Extracted information:
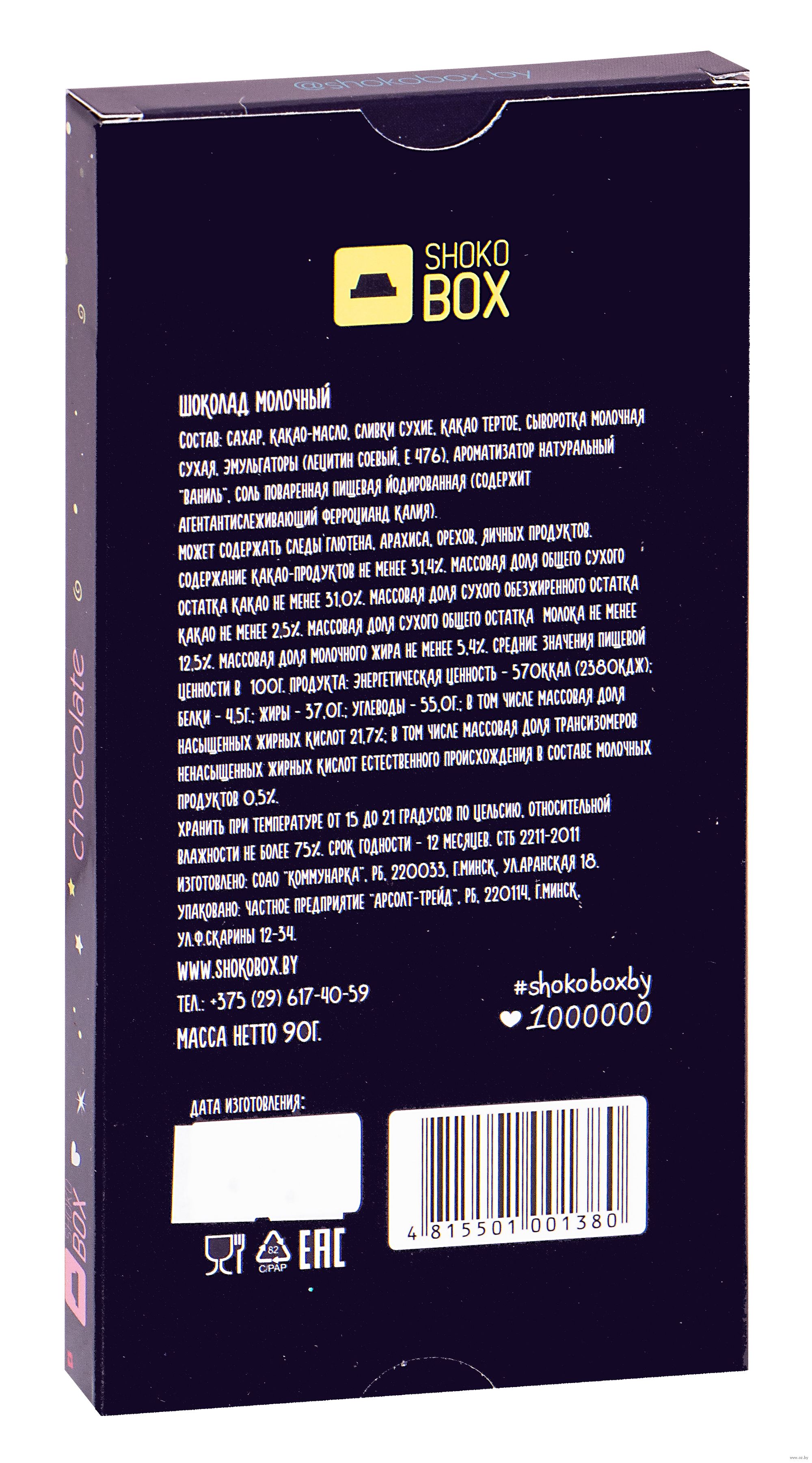 Сахар, молоко сухое, какао-масло, какао тертое, эмульгаторы (лецитин соевый, Е476), ароматизатор натуральный "Ваниль". Может содержать следы глютена, арахиса, орехов, яичных продуктов.
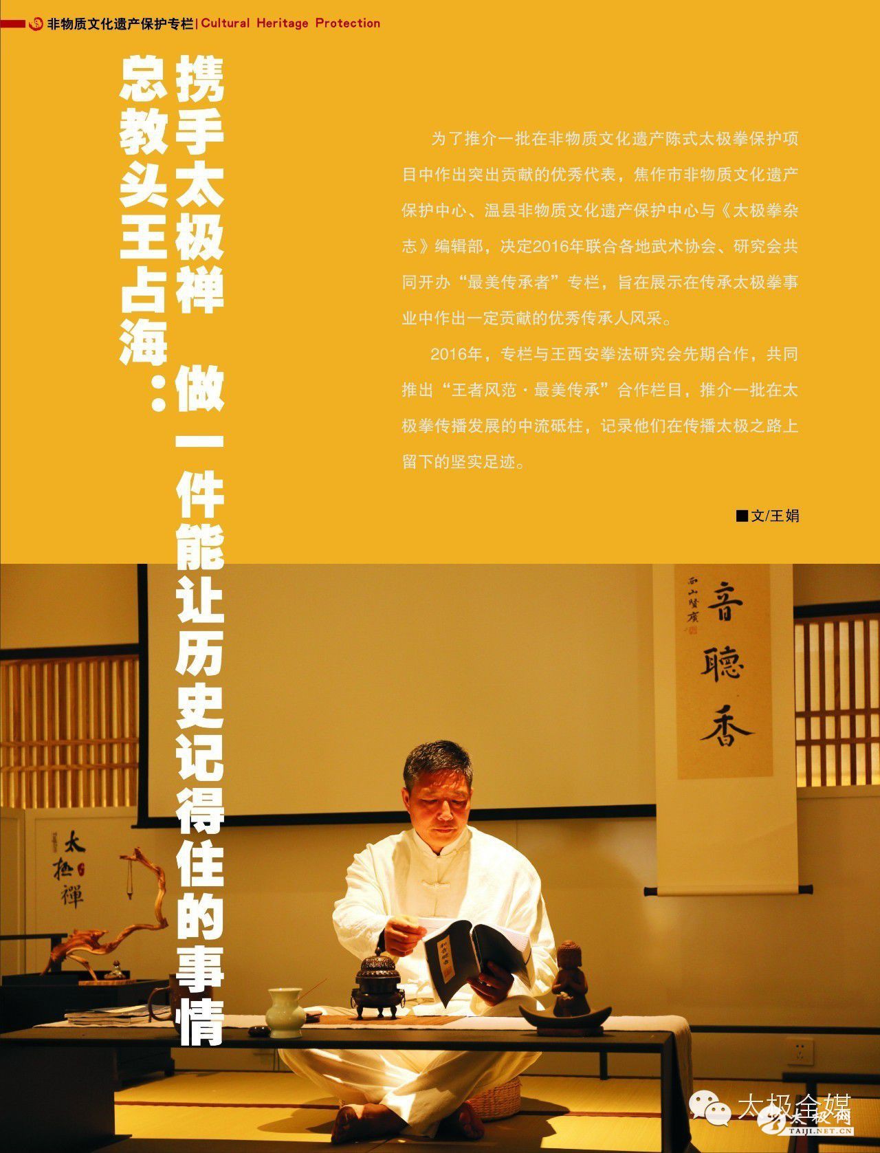 王占海是个有标签的人。 少年时他的标签是太极拳大师王西安的长子,必须以传承太极为任。所以,他从儿时一直到青年,就专心做一件事:苦练太极! 现在,人至中年,他又有了一个新标签:太极禅总教头。这个标签的背后自然承担着更重的责任。所以,开始笃志于太极拳传承,丝毫不敢懈怠。 2016年是太极禅成立的第六年。面对马云、李连杰、王占海三个人曾经的“五年之约”,以后的太极禅又有哪些新打算? “太极属于中国五千年哲学文化的范畴,太极拳是中国五千年文化肢体语言的一种表达形式。太极是中国的哲学,太极拳文化也是博大精深,包罗万相,而太极禅就是倡导一种更好的生活方式。”王占海就这样与我娓娓道来,说起了太极拳、太极禅的那些事。
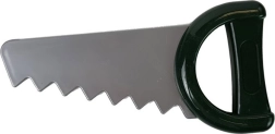 Säge, Hammer, Zange, Schraubendreher, Schlüssel, Schrauben, Muttern und Plättchen zum Verschrauben – alles aus robustem Kunststoff ohne scharfe Kanten.
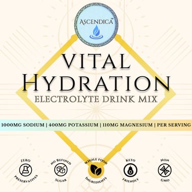 Rich in sodium, potassium, magnesium, calcium and over 90+ trace minerals from sustainably sourced marine and plant origins, Ascendica prioritizes bioavailability, ingredient purity, and intentional formulation—without the unnecessary maltodextrin, added sugars, or commercially refined sodium chloride.
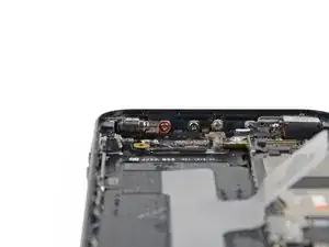 Выкрутите Phillips винт 1,6 мм, фиксирующий вибромотор в верхней внутренней части задней крышки.
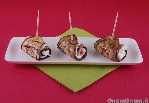 Tagliate le melanzane a fette spesse circa mezzo centimetro.Arrostitele su una piastra calda, a fiamma media, 4-5 minuti per lato.E fatele raffreddare.Salate le melanzane, mettete una striscia di prosciutto cotto, spalmate un po’ di formaggio fresco (senza esagerare, altrimenti quando arrotolate rischiate di far uscire tutto fuori) e pepate.
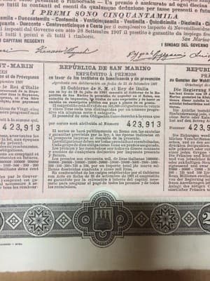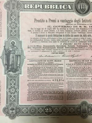 San Marino, Certificato Di Prestito A Premi, Lotteria E Araldica, 1908
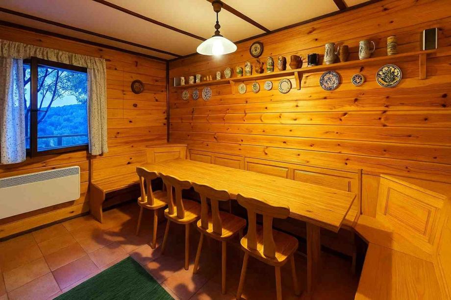 Kuhinja s blagovaonicom - 2 stola s klupama i stolicama za do 12 osoba,
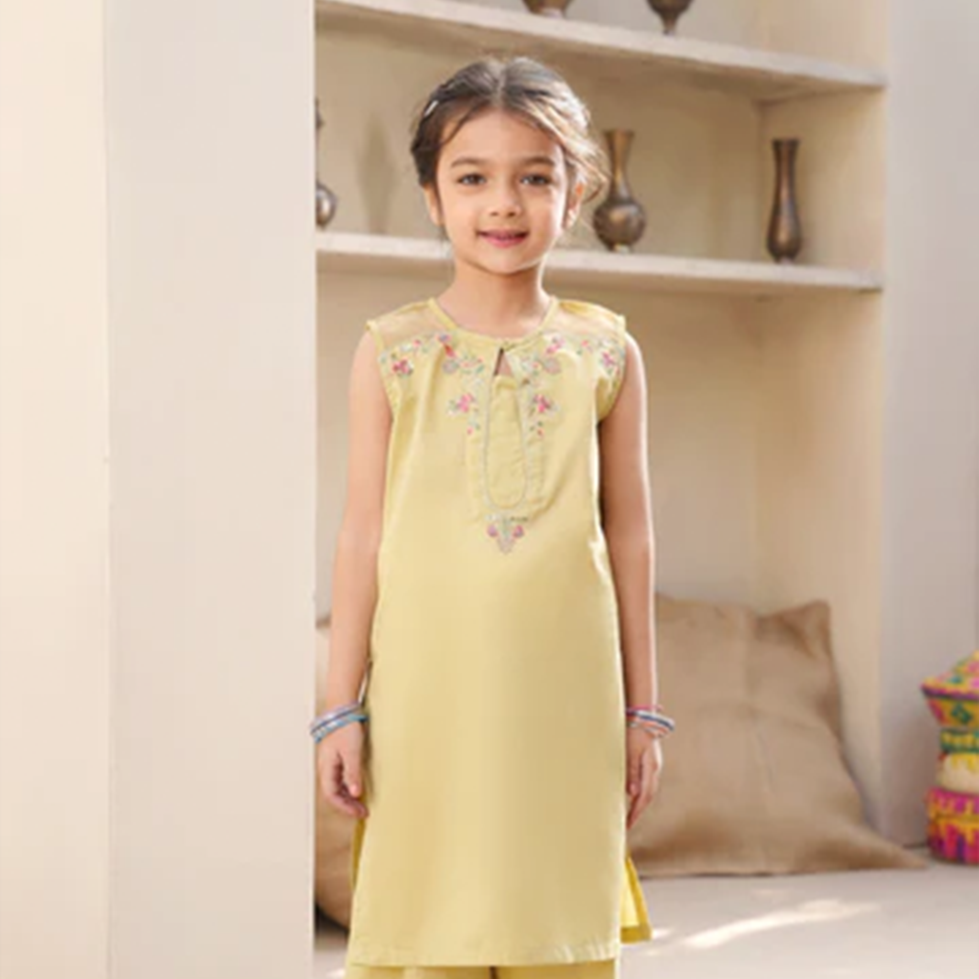 The Green Embroidered Kameez & Trousers set is a stylish and elegant choice for young girls, perfect for festive occasions, family gatherings, and cultural celebrations. Crafted from lightweight and breathable cambric fabric, this sleeveless kameez ensures comfort while maintaining a refined and traditional look. The refreshing green color adds vibrancy and charm, making it a standout addition to any ethnic wardrobe.

Assignment: Would you print the listing above in full, exactly, but with no pictures?

Answer box:
 Сахар, молоко сухое, какао-масло, какао тертое, эмульгаторы (лецитин соевый, Е476), ароматизатор натуральный "Ваниль". Может содержать следы глютена, арахиса, орехов, яичных продуктов.
 王占海是个有标签的人。 少年时他的标签是太极拳大师王西安的长子,必须以传承太极为任。所以,他从儿时一直到青年,就专心做一件事:苦练太极! 现在,人至中年,他又有了一个新标签:太极禅总教头。这个标签的背后自然承担着更重的责任。所以,开始笃志于太极拳传承,丝毫不敢懈怠。 2016年是太极禅成立的第六年。面对马云、李连杰、王占海三个人曾经的“五年之约”,以后的太极禅又有哪些新打算? “太极属于中国五千年哲学文化的范畴,太极拳是中国五千年文化肢体语言的一种表达形式。太极是中国的哲学,太极拳文化也是博大精深,包罗万相,而太极禅就是倡导一种更好的生活方式。”王占海就这样与我娓娓道来,说起了太极拳、太极禅的那些事。
 Säge, Hammer, Zange, Schraubendreher, Schlüssel, Schrauben, Muttern und Plättchen zum Verschrauben – alles aus robustem Kunststoff ohne scharfe Kanten.
 Rich in sodium, potassium, magnesium, calcium and over 90+ trace minerals from sustainably sourced marine and plant origins, Ascendica prioritizes bioavailability, ingredient purity, and intentional formulation—without the unnecessary maltodextrin, added sugars, or commercially refined sodium chloride.
 Выкрутите Phillips винт 1,6 мм, фиксирующий вибромотор в верхней внутренней части задней крышки.
 Tagliate le melanzane a fette spesse circa mezzo centimetro.Arrostitele su una piastra calda, a fiamma media, 4-5 minuti per lato.E fatele raffreddare.Salate le melanzane, mettete una striscia di prosciutto cotto, spalmate un po’ di formaggio fresco (senza esagerare, altrimenti quando arrotolate rischiate di far uscire tutto fuori) e pepate.
 San Marino, Certificato Di Prestito A Premi, Lotteria E Araldica, 1908
 Kuhinja s blagovaonicom - 2 stola s klupama i stolicama za do 12 osoba,
 The Green Embroidered Kameez & Trousers set is a stylish and elegant choice for young girls, perfect for festive occasions, family gatherings, and cultural celebrations. Crafted from lightweight and breathable cambric fabric, this sleeveless kameez ensures comfort while maintaining a refined and traditional look. The refreshing green color adds vibrancy and charm, making it a standout addition to any ethnic wardrobe.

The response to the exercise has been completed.